Régis Labeaume (au centre) a exigé que soit fermée la porte de son bureau, lundi soir, avant la séance du conseil municipal. Le maire de Québec a ainsi décidé de punir la large majorité de journalistes arrivés deux minutes en retard à son point de presse. Seules deux journalistes du Journal de Québec ont pu avoir accès à temps et recueillir les propos du maire sur des sujets aussi importants que la rencontre de mardi matin sur les régimes de retraite.

La FPJQ écorche Labeaume pour avoir boycotté des journalistes

La Fédération professionnelle des journalistes du Québec (FPJQ) condamne la décision du maire Régis Labeaume d'exclure certains journalistes de son point de presse qui se tenait lundi soir, avant le conseil municipal.
Dans un communiqué de presse, la FPJQ estime que le maire a eu un «accès de colère indigne de sa fonction» en rejetant les journalistes arrivés en retard de deux minutes à son point de presse parce qu'ils complétaient un entretien avec le chef de l'opposition, Paul Shoiry. La Fédération rappelle que l'horaire normal avait été retardé, lundi, en raison d'un point de presse du Carnaval de Québec.
Les journalistes du Journal de Québec Karine Gagnon et Marianne White ont tout de même pu poser des questions au maire, car elles ont quitté M. Shoiry plus tôt que leurs collègues pour se rendre auprès de M. Labeaume.
Devant cette situation, les journalistes Gagnon et White ont fourni l'enregistrement de la courte mêlée de presse avec M. Labeaume à leurs collègues afin de garantir l'accès à l'information à la population. Sur l'enregistrement, on entend le maire dire : «Il est trop tard. Ils ont fait leur choix», en faisant référence aux journalistes qui ont terminé leur entretien avec M. Shoiry.

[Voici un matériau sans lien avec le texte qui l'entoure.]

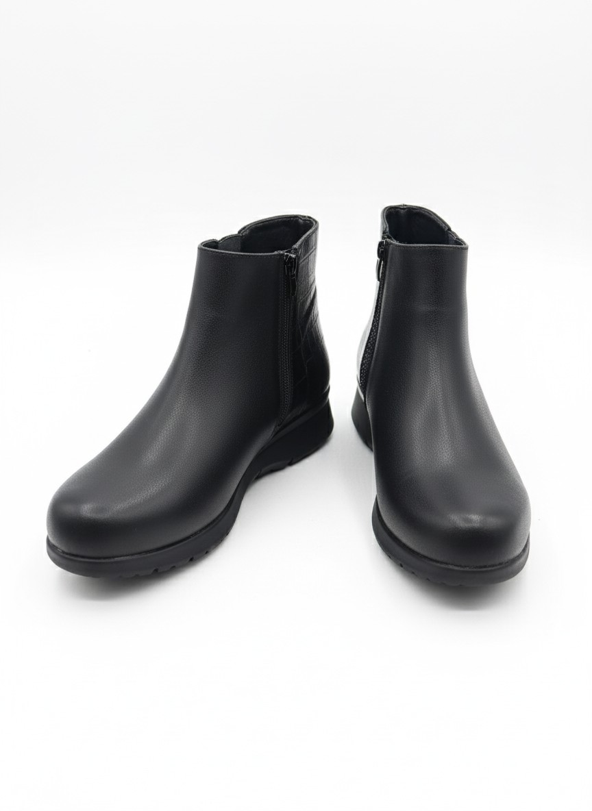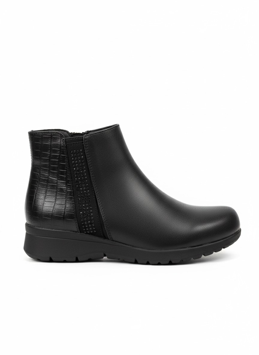 OUTLET Siyah Kroko ve Zımba Detaylı Rahat Taban Bot 690₺ | KRZ661

«La FPJQ se réjouit de voir que les journalistes de médias concurrents ont fait preuve d'une solidarité qui a permis aux citoyens d'avoir accès à l'information qui leur était due, lit-on dans le communiqué. En ce lundi de janvier, des journalistes de Québec ont compensé le déficit démocratique causé par le maire de la capitale nationale.»
Réplique de Labeaume
Mardi après-midi, le maire Labeaume a motivé sa décision de lundi soir en disant qu'il était pressé et qu'il ne voulait pas répéter pour les journalistes retardataires. Il ne s'est pas engagé à modifier son approche si une situation similaire devait se présenter pour un prochain point de presse.
«Quand vous [les journalistes] arrivez en retard, ça veut dire qu'il faut que je répète. [...] Vous connaissez ma règle, je veux pas répéter.»
Plus tard, il a ajouté : «Vous avez une grande collaboration avec moi, vous avez toujours accès, mais comprenez mon travail. [...] On est accessible, mais on ne veut pas répéter, alors organisez-vous!»
Le maire assure que sa décision d'exclure les journalistes n'avait rien à voir avec le fait qu'ils étaient à réaliser un entretien avec le chef de l'opposition.
«Vous auriez été avec une autre personne que Paul Shoiry, ç'aurait été la même affaire!»